WHY DON'T THEY [email protected]%&$NG CALL?? I never hear from them. At least call and tell me you quit. Then again maybe they are in jail or dead. Actually one guy did call. His first day he calls me to tell me his babysitter just arrived and he is leaving now (8am). I told him I will go to the supply house and pick up a few things then meet him on the job. Wow nice boss. first day late and the boss understands. well, I'm still waiting for him to show up. It's been about a month. I don't even bother calling them any more.


----------



## Paul Burns (Jan 17, 2006)

JPV123 said:


> And another thing:
> 
> WHY DON'T THEY [email protected]%&$NG CALL?? I never hear from them. At least call and tell me you quit. Then again maybe they are in jail or dead. Actually one guy did call. His first day he calls me to tell me his babysitter just arrived and he is leaving now (8am). I told him I will go to the supply house and pick up a few things then meet him on the job. Wow nice boss. first day late and the boss understands. well, I'm still waiting for him to show up. It's been about a month. I don't even bother calling them any more.

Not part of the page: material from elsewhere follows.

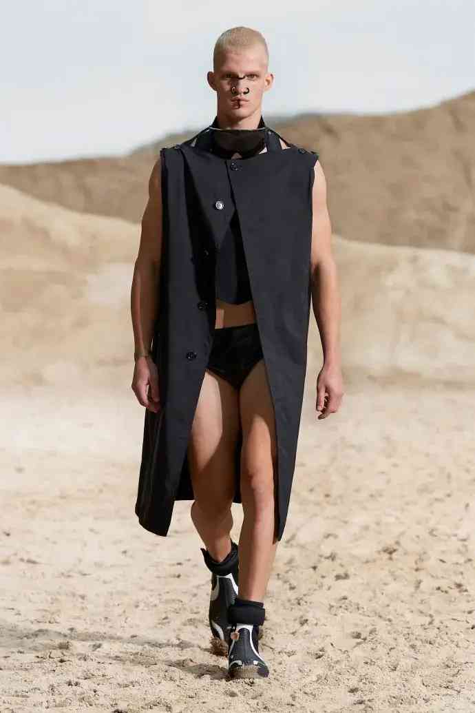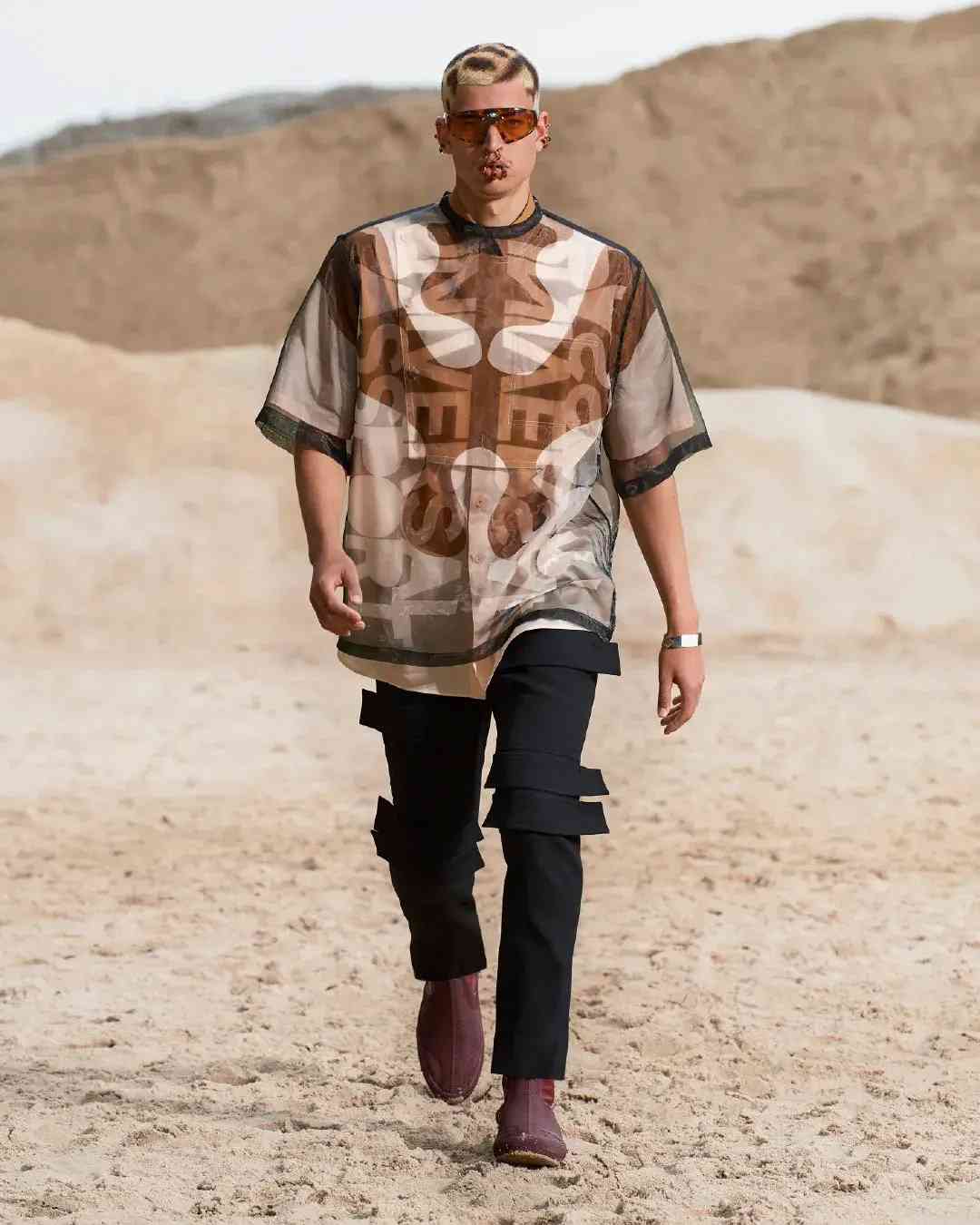 本季BURBERRY2022春夏男装发布在巴黎时装周举办。整场发布会是在户外的沙地上完成拍摄的,拍摄地点与其位于的 Millennium Mills 的极简主义和城市结构形成鲜明对比。

Do you have, and do you hire Hispanics? When we moved in that direction around 1994 or so, it changed our business for the better, BIG time, and has helped us as much as any single thing that we have ever done, or changed. 
We still hire all other races, including white Americans, but they almost NEVER last more than a few days, just like you are talking about.
With Hispanics it is just the opposite. They DEMAND work, and the only way they leave is if you don't treat them right, or you don't have enough work. It was a GREAT turnaround from the previous 12 years or so and ging through EXACTLY the same headaches that you describe.

Paul
p.s. A giant roofing salesman (biggest in the ocuntry I believe) told me last year that 98% of the roofs being install ed America today are done by Hispanic labor. I think the same will be, or already is in most other trades. They are already a big force in the painting and drywall trades, which I am most familiar with.


----------



## mdshunk (Mar 13, 2005)

Xxxxxxxx

Edited


----------



## RobertCDF (Aug 18, 2005)

Paul Burns said:


> Do you have, and do you hire Hispanics? When we moved in that direction around 1994 or so, it changed our business for the better, BIG time, and has helped us as much as any single thing that we have ever done, or changed.
> We still hire all other races, including white Americans, but they almost NEVER last more than a few days, just like you are talking about.
> With Hispanics it is just the opposite. They DEMAND work, and the only way they leave is if you don't treat them right, or you don't have enough work. It was a GREAT turnaround from the previous 12 years or so and ging through EXACTLY the same headaches that you describe.
> 
> ...


Is this your $2,500 secret? Everyone knows they work well for a lesser pay, even the legal ones work for less pay than they are worth. HOWEVER of all the ones I have worked with in previos jobs NONE even came close to having an eye for the quality I demand.


----------



## mdshunk (Mar 13, 2005)

RobertCDF said:


> ... of all the ones I have worked with in previos jobs NONE even came close to having an eye for the quality I demand.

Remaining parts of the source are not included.